2. Mesh Topology Design

2.1 16-Node Perimeter Layout

For a 5m x 5m room, 16 nodes are placed around the perimeter at approximately 1 m spacing. The layout provides 4 nodes per wall:

         North Wall
    N1 --- N2 --- N3 --- N4
    |                     |
    |                     |
   N16                   N5
    |                     |
    |                     |
   N15    5m x 5m        N6
    |     sensing         |
    |     volume          |
   N14                   N7
    |                     |
    |                     |
    N13 -- N12 -- N11 -- N8
         South Wall

    Node spacing: ~1.25 m along each 5m wall
    Height: 1.0 m above floor (torso-level sensing)

With 16 nodes, the maximum number of undirected edges is C(16,2) = 120. Not all edges are equally useful for sensing:

Edge categoryCountPath lengthSensing utility
Adjacent (same wall)161.0 - 1.25 mLow: short path, grazing
Same-wall skip-1122.0 - 2.5 mMedium: some penetration
Cross-room diagonal245.0 - 7.1 mHigh: traverses interior
Opposite wall165.0 mHigh: full penetration
Adjacent wall corner241.4 - 5.1 mMedium to high
Other cross-links282.5 - 6.0 mMedium to high
Total120

Coverage analysis: Any point in the 5m x 5m room interior is traversed by at least 20 TX-RX links. The center of the room is crossed by approximately 50 links. This density ensures that a person standing anywhere in the room perturbs multiple edges, enabling robust boundary detection via minimum cut.
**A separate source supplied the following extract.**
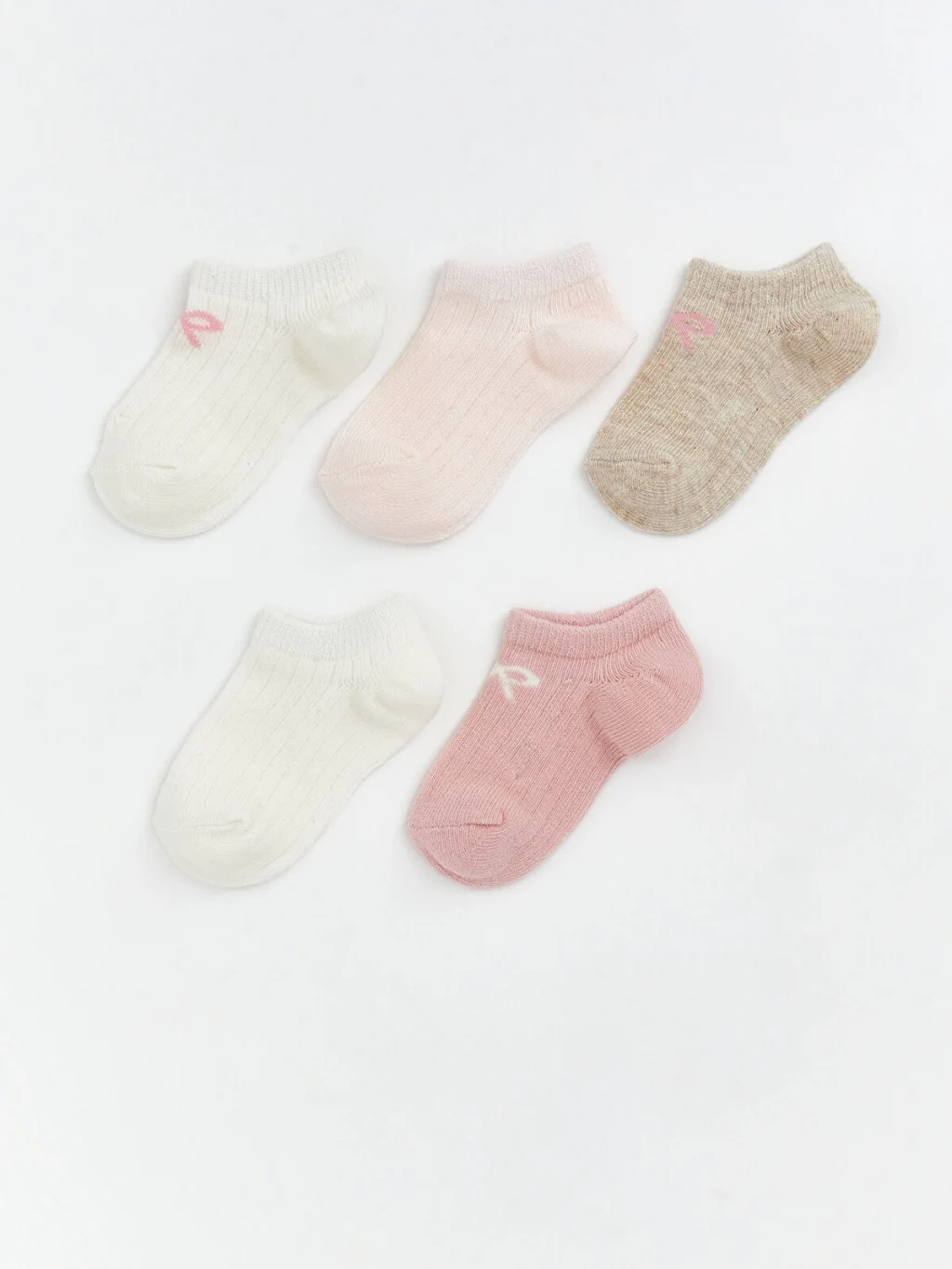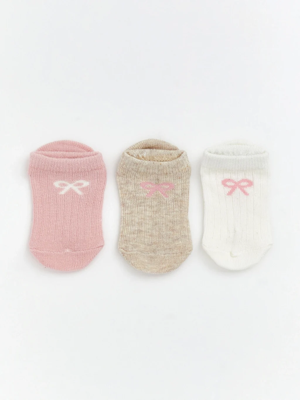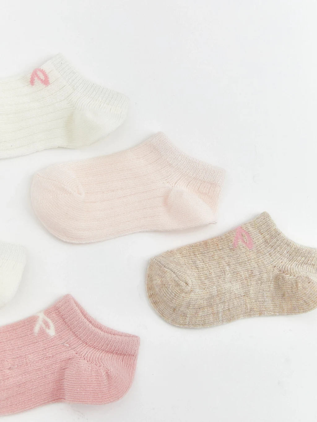 Ribana dokulu kumaştan üretilen kız bebek patik çorap seti, bazıları harf ve desen baskılı tasarıma sahiptir.

    Link density map (approx links crossing each 1m^2 cell):

         N1    N2    N3    N4
    N16 [ 22 | 28 | 28 | 22 ] N5
        [----+----+----+----|
    N15 [ 28 | 45 | 45 | 28 ] N6
        [----+----+----+----|
    N14 [ 28 | 45 | 45 | 28 ] N7
        [----+----+----+----|
    N13 [ 22 | 28 | 28 | 22 ] N8
         N12   N11   N10   N9

    Minimum link density: ~22 (corners)
    Maximum link density: ~45 (center)

2.3 Graph Properties for Minimum Cut

The 16-node complete graph K_16 has properties relevant to Stoer-Wagner minimum cut computation:

PropertyValue
Vertices16
Edges120
Graph diameter1 (complete)
Vertex connectivity15
Min-cut of unweighted K_1615
Adjacency matrix size16 x 16 = 256
Adjacency matrix (bytes)256 x 4 = 1 KB

When edge weights represent CSI coherence (0.0 to 1.0), the minimum cut partitions nodes into two groups where the sum of coherence weights across the cut is minimized. This corresponds to the physical boundary where RF propagation is most disrupted, typically where a person is standing or where a wall partition exists.

2.4 Spatial Resolution

The achievable spatial resolution depends on link density and the Fresnel zone width of each link:

Fresnel zone radius (first zone):
  r_F = sqrt(lambda * d1 * d2 / (d1 + d2))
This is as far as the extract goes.